In most phyla, several lineages have evolved a rich and diverse GH-genes repertoire although < 1% of the analyzed PEGs are GH-genes. As predicted, this enrichment in GH-genes correlates with the fluctuation of the genome size and the frequency of clustered GH-genes. In several lineages, frequently referred to as specialized carbohydrate degraders (Stursová et al., 2012; Berlemont and Martiny, 2015; Talamantes et al., 2016; López-Mondéjar et al., 2022), a disproportionate increase in the number of GH-genes is observed. In these genomes, the frequency of observed clustered GH-genes vastly exceeds the prediction. However, this higher-than-expected frequency of clustered GH-genes is also common in genomes with a reduced number of GH-genes. This suggests that the colocalization of GH-genes in clusters is an overarching principle affecting the structure of most bacterial genomes. The physical clustering of these genes facilitates their co-expression (Junier et al., 2012), which might be beneficial to the cell when the coregulated genes support the same overall process, in this context the carbohydrate processing.

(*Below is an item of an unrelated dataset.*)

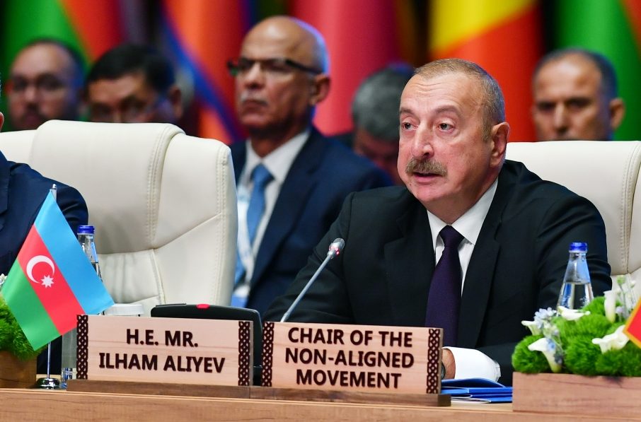İşğal zamanı və işğaldan sonra Azərbaycanın ədalətli mövqeyini dəstəkləməkdə göstərdikləri prinsipial mövqeyə görə Qoşulmama Hərəkatı ölkələrinə dərin minnətdarlığını bildirdən dövlətimizin başçısı qeyd edib ki, o, xüsusilə 2020-ci və 2022-ci illərdə Qoşulmama Hərəkatı ölkələrinin BMT Təhlükəsizlik Şurasında Azərbaycan əleyhinə olan birtərəfli və qərəzli bəyanatların qəbul edilməsinin qarşısını aldıqları iki hala istinad edir.

Many clustered GH-genes form codirectional segments, which could further their co-expression via transcriptional readthrough (Junier and Rivoire, 2016; Svetlitsky et al., 2020), or produce some operon. However, at least in some lineages (e.g., Paenibacillus see Figure 1), the uneven distribution of the GH-gene orientation can also mirror the overall chromosome organization. Indeed, having the coding strand of these GH-genes corresponding to the leading strand could prevent the occurrence of “transcription–replication conflicts” and allow for the simultaneous replication and transcription of the DNA (Wang et al., 2007; Hamperl and Cimprich, 2016). This process applies to the overall chromosome structure, not just to the GH-genes, and creates a slight bias in the number of codirectional pairs of sequential GH-genes when all the pairs of GH-genes are investigated (i.e., 57.8 vs. 50% in perfectly random genomes).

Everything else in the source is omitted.